L’appel à la figure du « djobeur », ce travailleur infatigable des marchés et la référence au métier de menuisier par le biais du mètre et de la mesure, rapporté à la « tristesse » et aux « cendres » montrent le mal-être et la souffrance de l’homme. La « pacotilleuse invisible »568, que jamais le négrillon ne verra, mais toujours entendra passer dans l’escalier ; le « pharmacien »569

dépressif, les « mauvais nègres », « ces maudits-là »570 sont autant de personnages dont le narrateur nous livre les histoires.

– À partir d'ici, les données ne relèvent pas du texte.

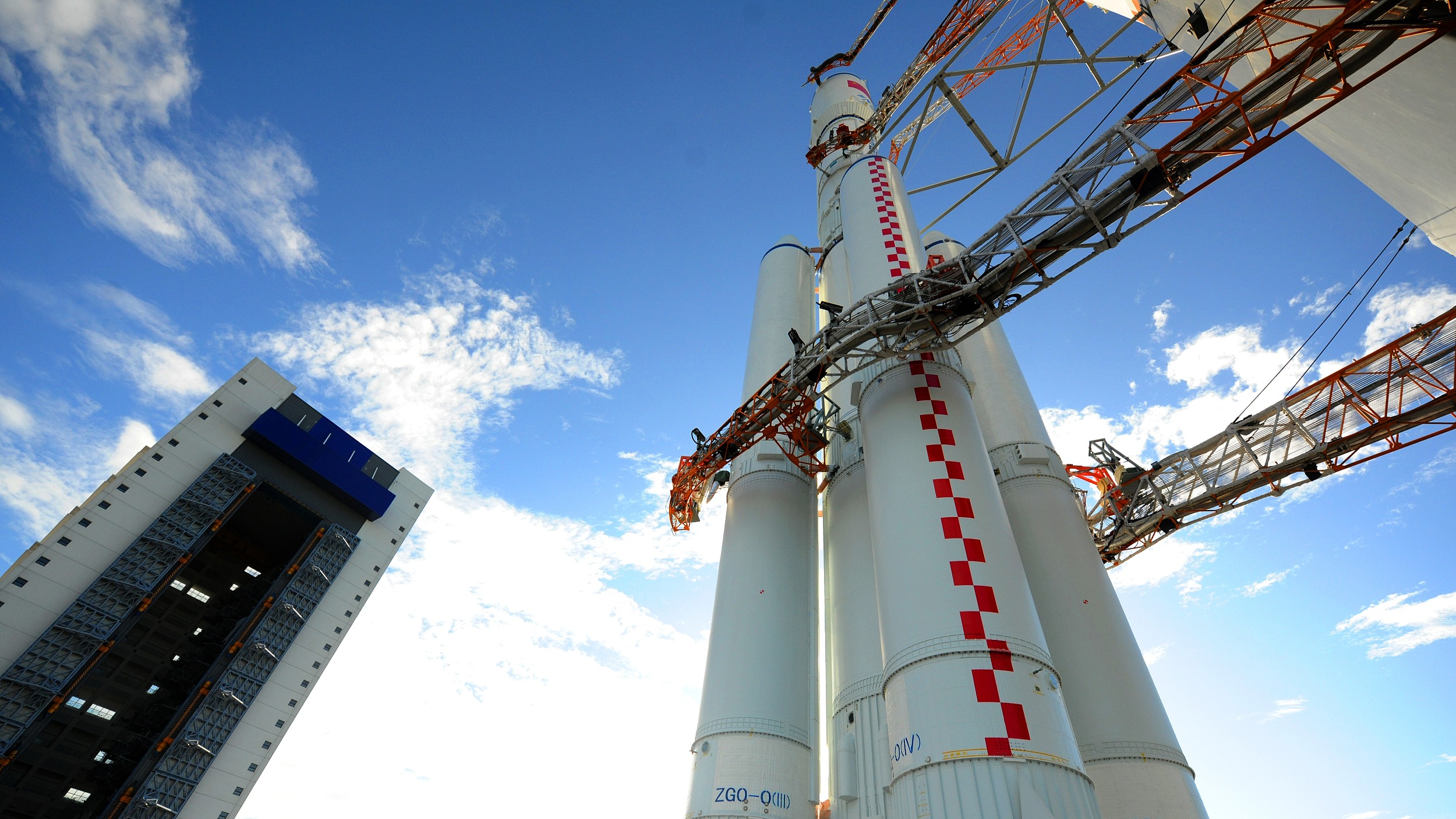长征七号A转运往发射架的情景。
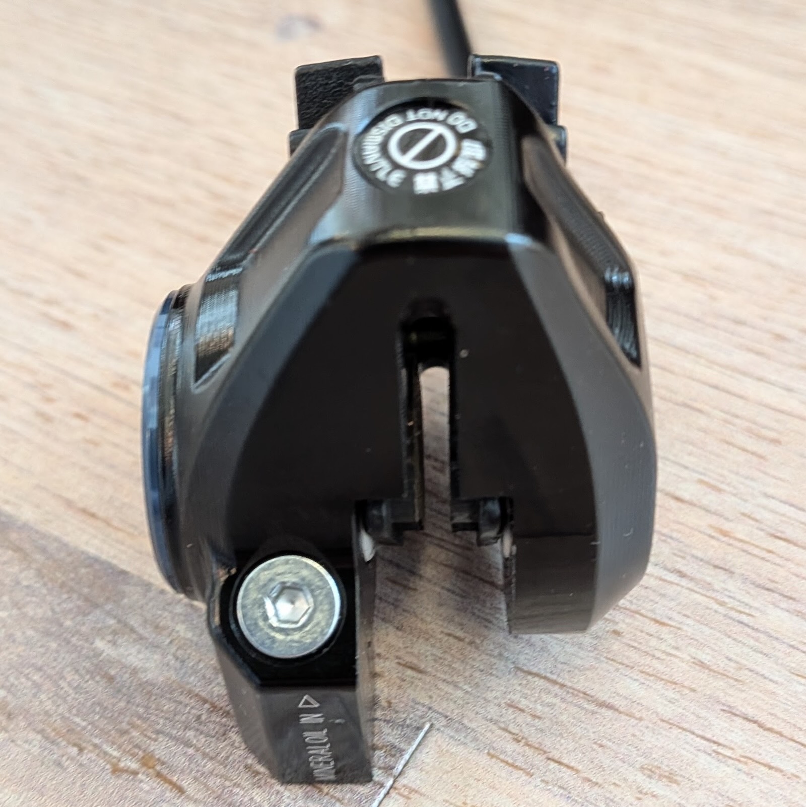 A bal karon egy gomb van, hiszen két tányérból mindig a másikra tudunk csak váltani. Különösen tetszik, hogy a gombok elfordulnak és egy pici mozgás után nyomjuk neki a mikrokapcsolót a fékkar másik oldalához. A gumik minősége jónak tűnik, de nem illeszkedik teljesen precízen. A bilincs csavarja sem túl jól hozzáférhető az imbuszkulccsal – már látom, hogy a felszerelésnél ezzel meg fogok szenvedni.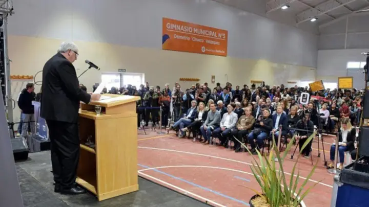 Durante la mañana de este lunes se realizó el acto de Apertura de Sesiones Ordinarias del Concejo Deliberante en el Gimnasio Municipal N°5, ubicado en el km 13 de Avenida Bustillo. La jornada contó con la presencia de concejales, integrantes del Tribunal de Contralor, delegados, secretarios y subsecretarios, junto a la totalidad del equipo de gobierno, además de presidentes y presidentas de juntas vecinales, representantes de clubes e instituciones, y vecinos.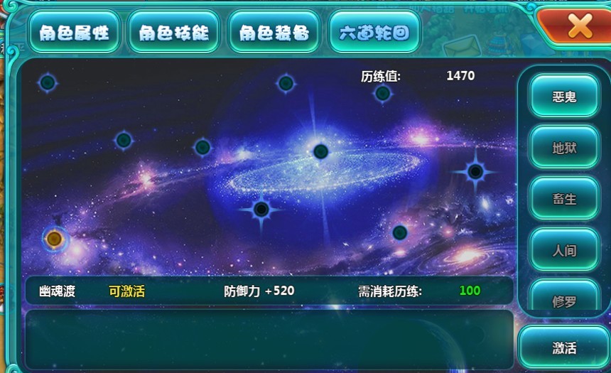激活星位需要消耗一定量的历练值,每个星位只可以被激活一次。激活前置星图后,才可以激活下一阶的星图。星点激活后,星点所附带的属性对玩家可立即生效。玩家的信息界面星图激活状态有三种:未激活、可激活和已激活,激活消耗处显示要激活该星点需要多少历练值,玩家修为足够则显示为绿色,不足则显示为红色。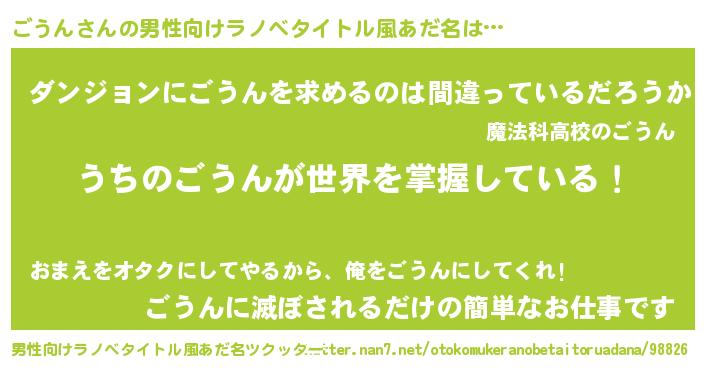 | 胡散臭い通販商品みたいなあだ名 | 『全米が絶賛したサプリメント…その名も「ごうん」』 |

Les récits de Daniel Maximin autour des personnages rencontrés restent généralement brefs (en dehors du père et de la mère), et se limitent à l’impression faite sur l’enfant sans offrir un développement aussi important que chez Dany Laferrière et Patrick Chamoiseau. La rencontre avec « Rémy Nainsouta », le maire prend plutôt la forme d’un portrait rapide, qui exprime la fascination de l’enfant à sa vue :

(…) il t’impressionnait par sa stature sereine et l’humour qui pétillait dans son regard comme la limonade piquante qu’il avalait d’un trait en disant : « Je trinque à l’avenir », s’adressant aux enfants qui venaient le saluer.571

Rencontres donc qui participent à la formation de l’enfant, histoires qui deviennent constitutives de son histoire propre : la « créolisation », qu’on l’appelle ainsi ou autrement est à l’œuvre chez ces enfants perméables à l’autre, à sa parole, non encore figés, construits.